COCKPIT COUNTRY—THE MAROONS

If there is one thing more interesting to the unbiassed traveller than others, it is to hear and analyse the various opinions expressed upon the subject he or she is attempting to master in the spirit of disinterestedness and liberal judgment, by those whose lives are being lived in that particular spot of the globe temporarily under review.

“England has treated Jamaica abominably,” I frequently heard. She had insisted on the liberation of the slaves, then inadequately compensated their owners, and when their emancipation upset all prevailing conditions of labour, instead of protecting sugar, the chief industry of her West Indian colonies, and fostering its growth, she fairly knocked it on the head by the introduction of free trade. When beetroot-sugar first arrived in Jamaica the nails were driven into its coffin. Annexation to the United States was not desirable, it was declared, but, so far as business was concerned, America would make things hum.

The negroes were emancipated too soon, thought certain of the grumblers. Had the Jamaican blacks been as well educated as their brothers in the States at the time they became freed, they would have a different race of peasants in the island to-day. “They will never make citizens,” I was told. They have no idea of the responsibilities of a civilised community; even those who had voting powers on local questions were too lazy or too callous to record their votes. If a white man suggested to them how better to cultivate their patch of land, or if the coffee-curers and shippers, for instance, advised them to bring their coffee when picked straight to their mills where they had the proper apparatus for curing the beans, the blacks would immediately suspect the white man had “something up his sleeve,” and was going to get the better of them in some underhand way.

Things, no doubt, are difficult in Jamaica under the very best of circumstances. The negro is unquestionably a low type of humanity, naturally unintelligent and lazy. People forget, however, he has, in the first place, only recently discovered that he has a soul as well as the white man, and, in the second place, but just learnt, the other day as it were, to call that soul his own.

Nearly two centuries of abject slavery, with its accompaniments of forced labour and hard usage, have passed over his head, since, as a free savage, he roamed the African forests, a fetich-worshipper, the victim of the lowest superstitions, and practising every vice known to humanity. Evangelising efforts were spasmodically made here and there to ameliorate the condition of the plantation slaves by those whose conscience was in advance of their times; but when in 1834 the yoke of slavery was removed with such an ancestry, such a history behind them, what could a reasonable person expect of the sons and daughters of Ham! The planters had regarded them as the necessary machinery for producing their princely incomes when the wealth of the West Indian merchant was a known quantity. To improve the breed the physically-fittest were, like cattle, carefully selected, and the women told off for this purpose given especially lighter work to perform. This practice alone might account for much of the indiscriminate living which called forth the blazing indignation and burning words of one of the Keswick delegates, whose work is mentioned on a former page.
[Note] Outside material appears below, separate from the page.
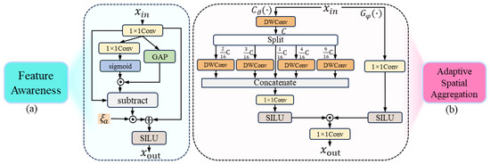 The adaptive channel aggregation (ACA) module addresses the key issues of insufficient channel dependency modeling and information redundancy in traditional methods. As shown in Figure 5b, it is designed with a channel compression and difference enhancement mechanism. First, a dimensionality reduction mapping is performed on the features along the channel dimension, capturing global dependencies between channels. Specifically, depth-wise convolutions are introduced to refine the feature representation of channels. The weighted difference information is fused with the original input features to generate richer output features:
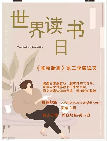在2019年4月23日第24个世界读书日来临之际,愿所有金桥人遨游四海搏激流,在书中的百花园里,“读”辟蹊径,“读”占鳌头,用文字分享生活、工作中的感悟,增益新知,丰富企业文化!

The injustice of his wholesale indictment against the character of the women of this island is still felt by many.

One clergyman, of over thirty years’ experience in Jamaica, and whose church numbers 1300 communicants, expressed to me his strong disapproval of the way in which this island was held up as a “plague spot” for its wickedness, by persons who had no practical knowledge either of its history or its inhabitants.

If in the year 1902, 62 per cent. of the children born are illegitimate, in 1834, had a census been taken, probably there would have been over 90 per cent. Of the present 62 per cent., given by the latest returns, I was assured that fifty out of that number would represent the children of persons living together in faithful, though unwedded union.

It is a matter of history that white overseers on the estates were dismissed on their marriage for obvious reasons. Every obstacle was placed upon the marriage of slaves; I believe on many estates it was forbidden. Then the example set by the whites has been most shameful throughout the history of Jamaica in this respect. Considering these circumstances, and the very recent growth of any sort of moral standard, one is not surprised to hear many persons speak indignantly of the Keswick delegates and the superficial nature of their work.